This is a coding course for 3rd year Information Management students, aimed at improving student’s programming skills and improving their knowledge on the fundamentals of programming.
Interactive Document is used to get students engaged with the material before class. The instructor uses a flipped classroom approach and adds inline questions and discussions to the study material. The annotations possibilities give students the opportunity to ask questions related to exercises.
In the real world developers don't play solo, they usually work on teams. Hence, the teacher aimed to activate students, stimulate collaboration and foster knowledge sharing between students.
Students learn about coding principles and good practices every developer should know. This course is mainly based on exercises and laboratories that will need to be completed both inside and outside the classroom. Learners are asked to read through the study material before class and then answer the coding exercises in-class on their laptops.
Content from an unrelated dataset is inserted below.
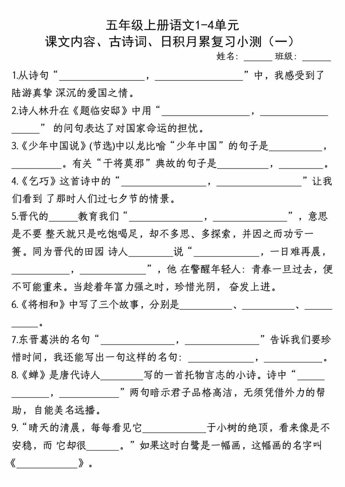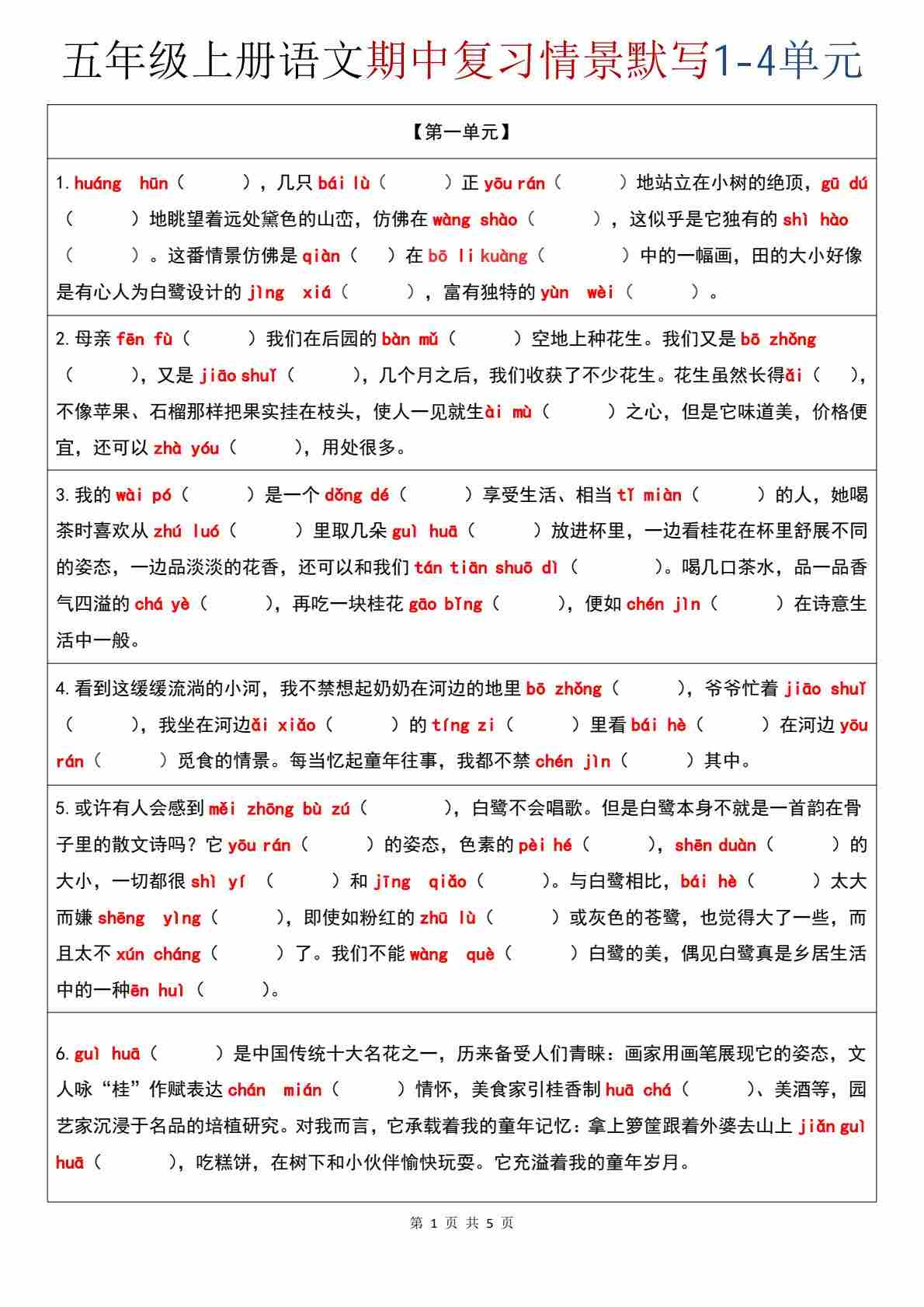 五年级(上)语文 期中复习情景默写1-4单元

When executing the command line exercises students get the opportunity to collaborate with their peers.
"Students were not explicitly encouraged to reply and help each other out in the learning process, but fortunately this happened organically." - Instructor
Helps with the monitoring of student activity and fosters collaboration in an otherwise individual task (coding).
Using a summative Interactive Document that includes practice questions could allow instructors to assess participation, collaboration and correctness of answers for a final grade.
To help students to improve their coding, it could be interesting to add a Peer Review activity so students can learn from each other.